Work order — An exact copy of all the data is required, with pictures left out.
Top of Source material
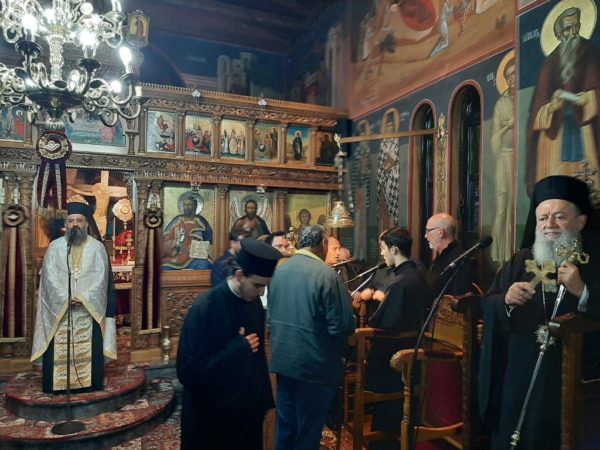 Τον Σεβασμιώτατο, κατά τον Εσπερινό, πλαισίωσαν οι Αρχιμανδρίτες Ιωάννης Καραμούζης-Αρχιγραμματεύς της Ιεράς Συνόδου της Εκκλησίας της Ελλάδος και ιεροκήρυξ της Ιεράς Μητροπόλεως Χαλκίδος, Αιμιλιανός Χρήστου-προϊστάμενος του Μητροπολιτικού Ιερού Ναού Αγίου Δημητρίου Χαλκίδος, οι πρωτοπρεσβ. Σταμάτιος Μπασδέκης-εφημέριος της Ενορίας Κοιμήσεως Θεοτόκου Βασιλικού Χαλκίδος, Αθανάσιος Τρίκκας-τριτεύων εφημέριος του Μητροπολιτικού Ιερού Ναού Αγίου Δημητρίου Χαλκίδος και οι διάκονοι Σταύρος Καλαφάτης και Ειρηναίος Σταμέλος.
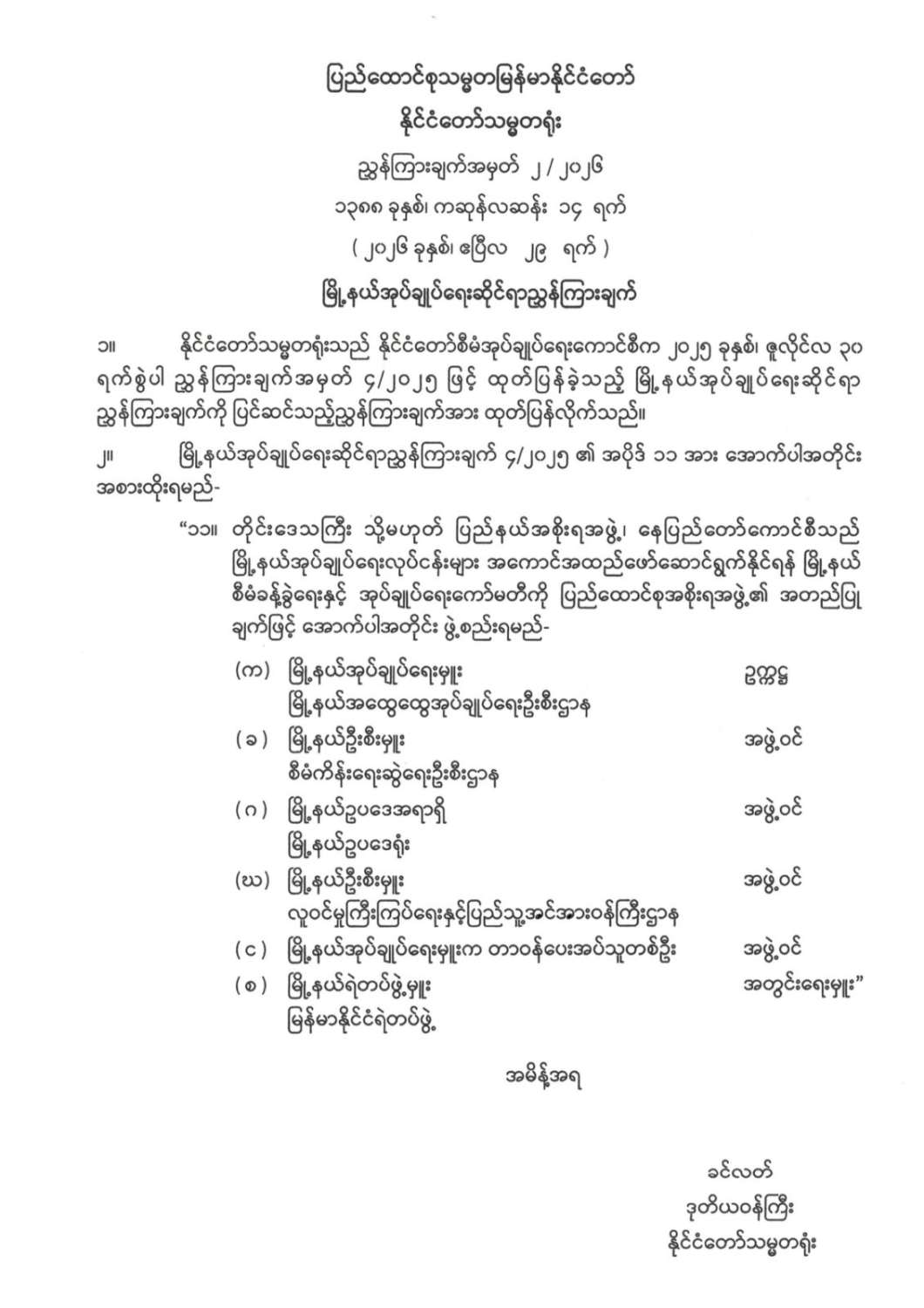 မြို့နယ်အုပ်ချုပ်ရေးဆိုင်ရာညွှန်ကြားချက်
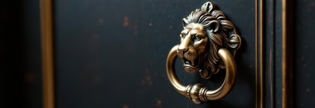 Close-up of an elegant golden lion head door knocker on a classic black door, offering ample copy space for design or text
Bottom of Source material
Task response —
 Τον Σεβασμιώτατο, κατά τον Εσπερινό, πλαισίωσαν οι Αρχιμανδρίτες Ιωάννης Καραμούζης-Αρχιγραμματεύς της Ιεράς Συνόδου της Εκκλησίας της Ελλάδος και ιεροκήρυξ της Ιεράς Μητροπόλεως Χαλκίδος, Αιμιλιανός Χρήστου-προϊστάμενος του Μητροπολιτικού Ιερού Ναού Αγίου Δημητρίου Χαλκίδος, οι πρωτοπρεσβ. Σταμάτιος Μπασδέκης-εφημέριος της Ενορίας Κοιμήσεως Θεοτόκου Βασιλικού Χαλκίδος, Αθανάσιος Τρίκκας-τριτεύων εφημέριος του Μητροπολιτικού Ιερού Ναού Αγίου Δημητρίου Χαλκίδος και οι διάκονοι Σταύρος Καλαφάτης και Ειρηναίος Σταμέλος.
 မြို့နယ်အုပ်ချုပ်ရေးဆိုင်ရာညွှန်ကြားချက်
 Close-up of an elegant golden lion head door knocker on a classic black door, offering ample copy space for design or text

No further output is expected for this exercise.